WORK TASK: Leave the images aside and output every entry exactly.

○ ○ ○ ○ ○ ○ ○

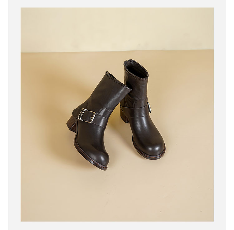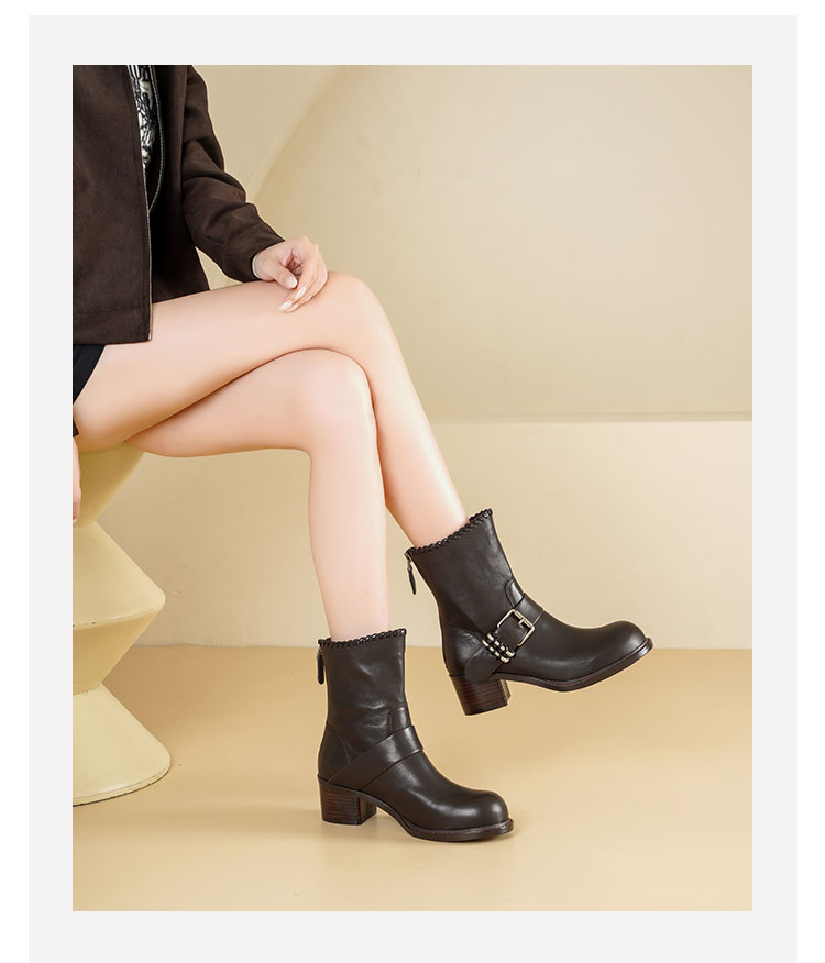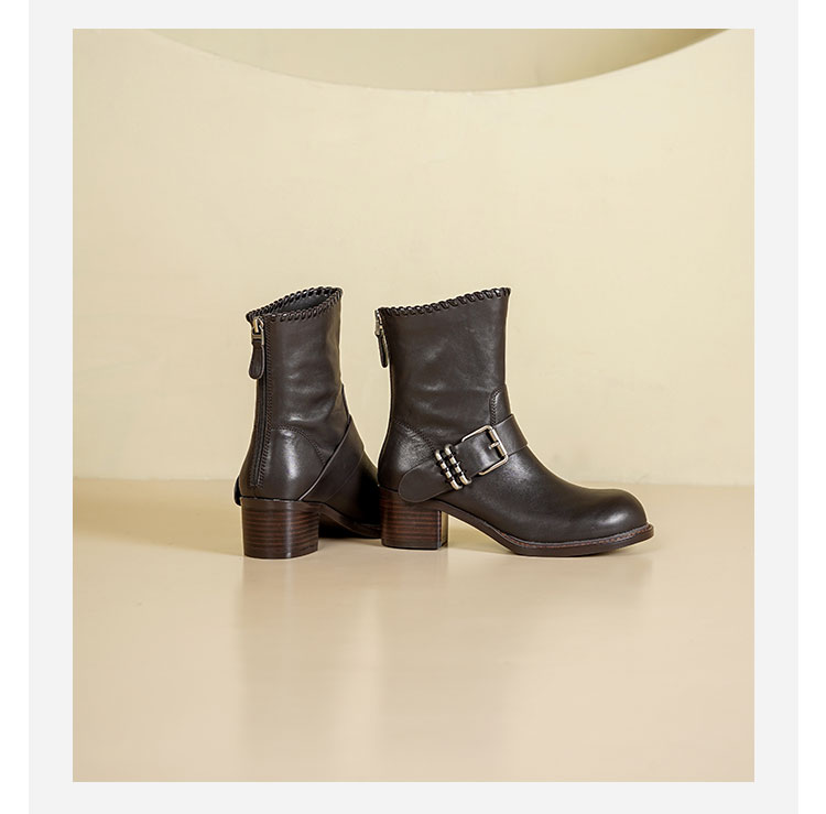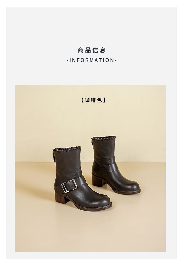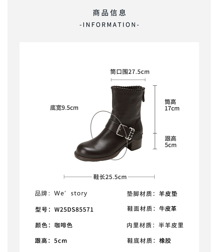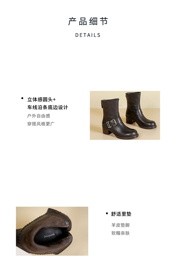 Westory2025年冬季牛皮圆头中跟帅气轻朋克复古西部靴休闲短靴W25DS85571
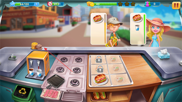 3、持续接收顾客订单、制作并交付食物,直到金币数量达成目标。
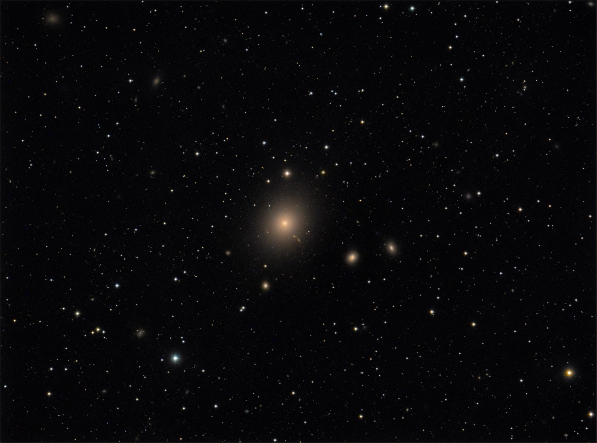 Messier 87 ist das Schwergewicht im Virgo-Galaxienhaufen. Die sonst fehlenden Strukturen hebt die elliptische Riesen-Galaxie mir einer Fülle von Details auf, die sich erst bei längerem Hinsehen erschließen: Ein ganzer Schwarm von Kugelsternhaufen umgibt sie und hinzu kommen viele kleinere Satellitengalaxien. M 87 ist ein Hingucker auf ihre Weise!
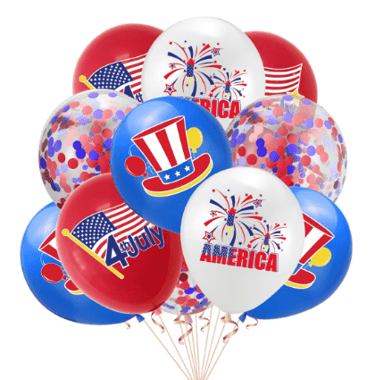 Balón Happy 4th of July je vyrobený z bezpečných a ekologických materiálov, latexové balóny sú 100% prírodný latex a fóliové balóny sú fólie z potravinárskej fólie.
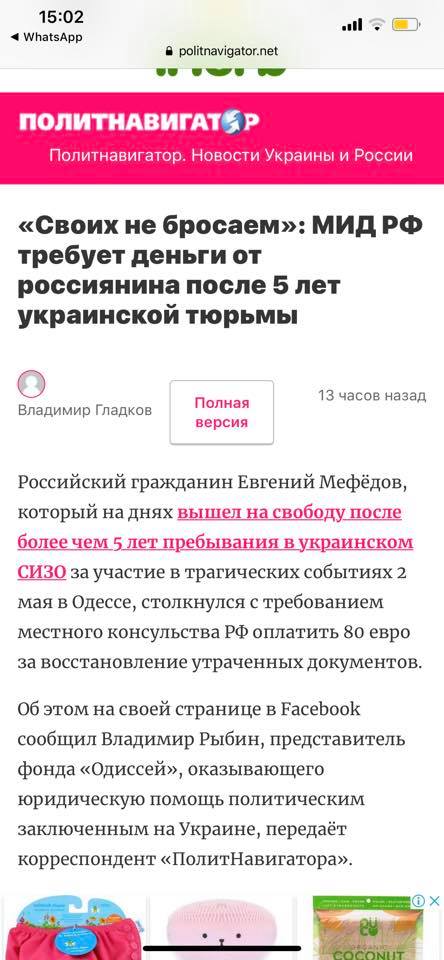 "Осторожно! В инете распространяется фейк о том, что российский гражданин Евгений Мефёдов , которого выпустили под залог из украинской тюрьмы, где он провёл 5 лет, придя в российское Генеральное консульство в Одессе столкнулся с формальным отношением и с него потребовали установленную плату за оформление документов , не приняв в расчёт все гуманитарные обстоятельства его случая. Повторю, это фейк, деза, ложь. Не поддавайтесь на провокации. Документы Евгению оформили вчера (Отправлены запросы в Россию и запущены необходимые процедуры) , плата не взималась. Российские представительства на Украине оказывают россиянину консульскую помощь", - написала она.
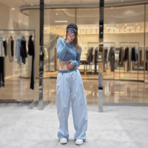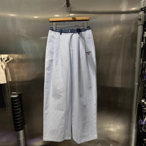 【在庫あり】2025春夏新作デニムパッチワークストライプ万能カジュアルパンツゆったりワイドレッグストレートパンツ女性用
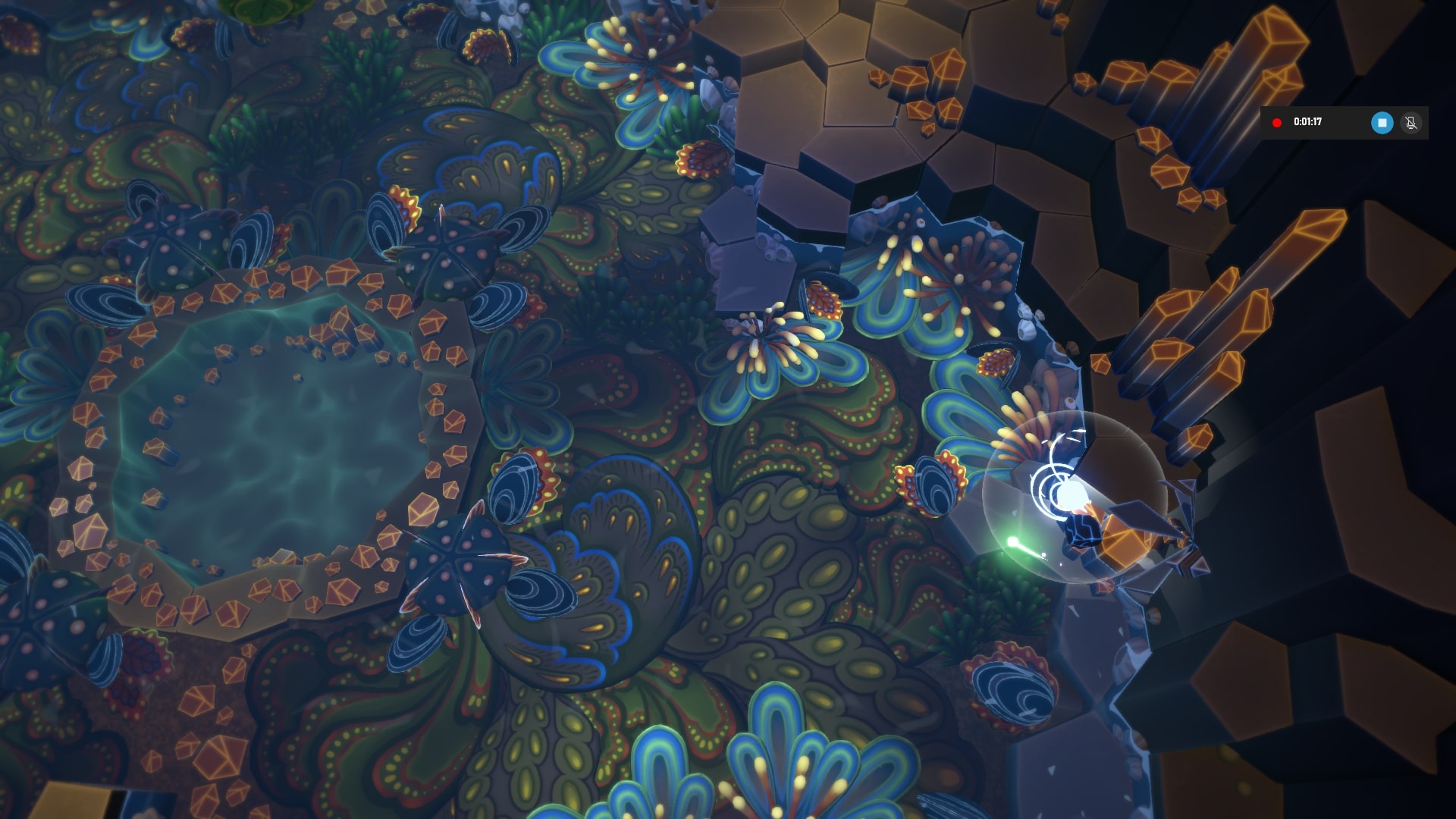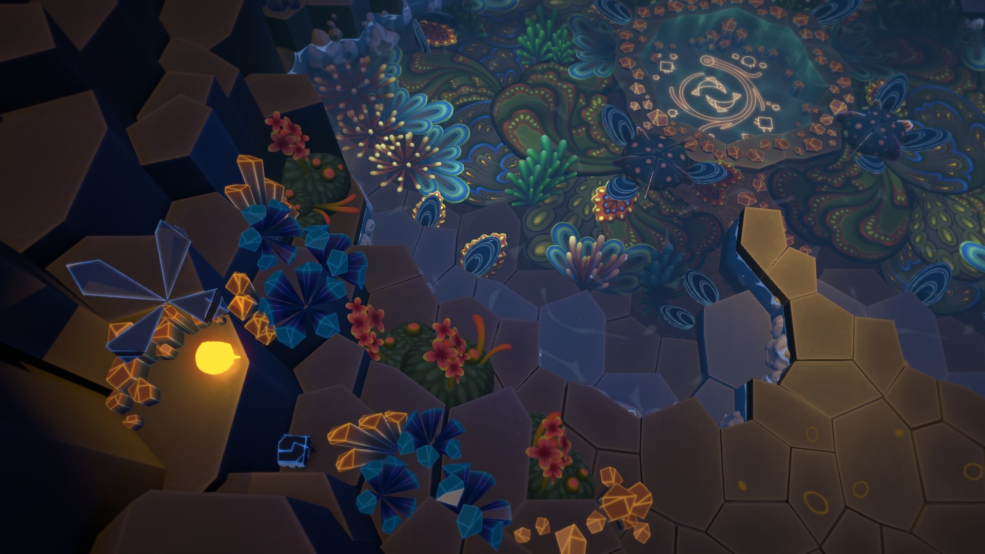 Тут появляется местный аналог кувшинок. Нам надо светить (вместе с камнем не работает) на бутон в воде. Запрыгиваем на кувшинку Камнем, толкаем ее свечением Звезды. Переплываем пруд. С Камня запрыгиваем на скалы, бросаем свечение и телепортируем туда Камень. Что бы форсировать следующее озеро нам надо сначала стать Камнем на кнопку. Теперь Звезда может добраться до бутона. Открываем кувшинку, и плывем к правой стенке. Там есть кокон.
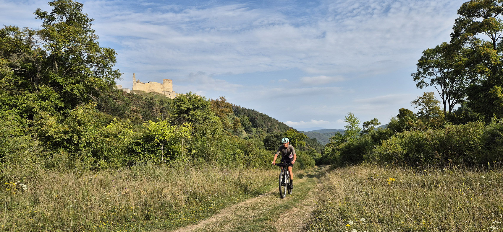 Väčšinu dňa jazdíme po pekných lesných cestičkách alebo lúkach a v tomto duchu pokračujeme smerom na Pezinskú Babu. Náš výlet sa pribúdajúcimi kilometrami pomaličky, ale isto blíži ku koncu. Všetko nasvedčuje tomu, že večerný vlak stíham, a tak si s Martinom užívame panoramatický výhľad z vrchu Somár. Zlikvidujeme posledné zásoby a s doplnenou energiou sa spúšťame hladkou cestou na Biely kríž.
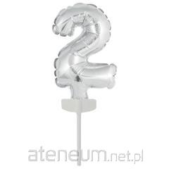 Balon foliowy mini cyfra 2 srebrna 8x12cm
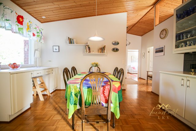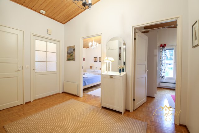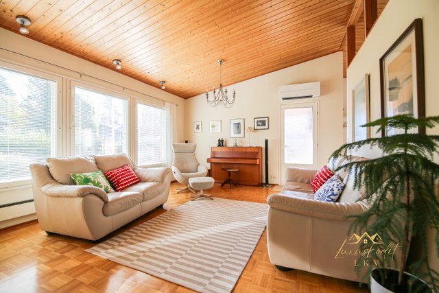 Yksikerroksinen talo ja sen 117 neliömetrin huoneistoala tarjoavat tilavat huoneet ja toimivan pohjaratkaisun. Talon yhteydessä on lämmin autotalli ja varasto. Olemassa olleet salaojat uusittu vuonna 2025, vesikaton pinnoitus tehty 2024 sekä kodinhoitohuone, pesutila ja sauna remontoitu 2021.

○ ○ ○ ○ ○ ○ ○

RESPONSE TO THIS TASK:
 Westory2025年冬季牛皮圆头中跟帅气轻朋克复古西部靴休闲短靴W25DS85571
 3、持续接收顾客订单、制作并交付食物,直到金币数量达成目标。
 Messier 87 ist das Schwergewicht im Virgo-Galaxienhaufen. Die sonst fehlenden Strukturen hebt die elliptische Riesen-Galaxie mir einer Fülle von Details auf, die sich erst bei längerem Hinsehen erschließen: Ein ganzer Schwarm von Kugelsternhaufen umgibt sie und hinzu kommen viele kleinere Satellitengalaxien. M 87 ist ein Hingucker auf ihre Weise!
 Balón Happy 4th of July je vyrobený z bezpečných a ekologických materiálov, latexové balóny sú 100% prírodný latex a fóliové balóny sú fólie z potravinárskej fólie.
 "Осторожно! В инете распространяется фейк о том, что российский гражданин Евгений Мефёдов , которого выпустили под залог из украинской тюрьмы, где он провёл 5 лет, придя в российское Генеральное консульство в Одессе столкнулся с формальным отношением и с него потребовали установленную плату за оформление документов , не приняв в расчёт все гуманитарные обстоятельства его случая. Повторю, это фейк, деза, ложь. Не поддавайтесь на провокации. Документы Евгению оформили вчера (Отправлены запросы в Россию и запущены необходимые процедуры) , плата не взималась. Российские представительства на Украине оказывают россиянину консульскую помощь", - написала она.
 【在庫あり】2025春夏新作デニムパッチワークストライプ万能カジュアルパンツゆったりワイドレッグストレートパンツ女性用
 Тут появляется местный аналог кувшинок. Нам надо светить (вместе с камнем не работает) на бутон в воде. Запрыгиваем на кувшинку Камнем, толкаем ее свечением Звезды. Переплываем пруд. С Камня запрыгиваем на скалы, бросаем свечение и телепортируем туда Камень. Что бы форсировать следующее озеро нам надо сначала стать Камнем на кнопку. Теперь Звезда может добраться до бутона. Открываем кувшинку, и плывем к правой стенке. Там есть кокон.
 Väčšinu dňa jazdíme po pekných lesných cestičkách alebo lúkach a v tomto duchu pokračujeme smerom na Pezinskú Babu. Náš výlet sa pribúdajúcimi kilometrami pomaličky, ale isto blíži ku koncu. Všetko nasvedčuje tomu, že večerný vlak stíham, a tak si s Martinom užívame panoramatický výhľad z vrchu Somár. Zlikvidujeme posledné zásoby a s doplnenou energiou sa spúšťame hladkou cestou na Biely kríž.
 Balon foliowy mini cyfra 2 srebrna 8x12cm
 Yksikerroksinen talo ja sen 117 neliömetrin huoneistoala tarjoavat tilavat huoneet ja toimivan pohjaratkaisun. Talon yhteydessä on lämmin autotalli ja varasto. Olemassa olleet salaojat uusittu vuonna 2025, vesikaton pinnoitus tehty 2024 sekä kodinhoitohuone, pesutila ja sauna remontoitu 2021.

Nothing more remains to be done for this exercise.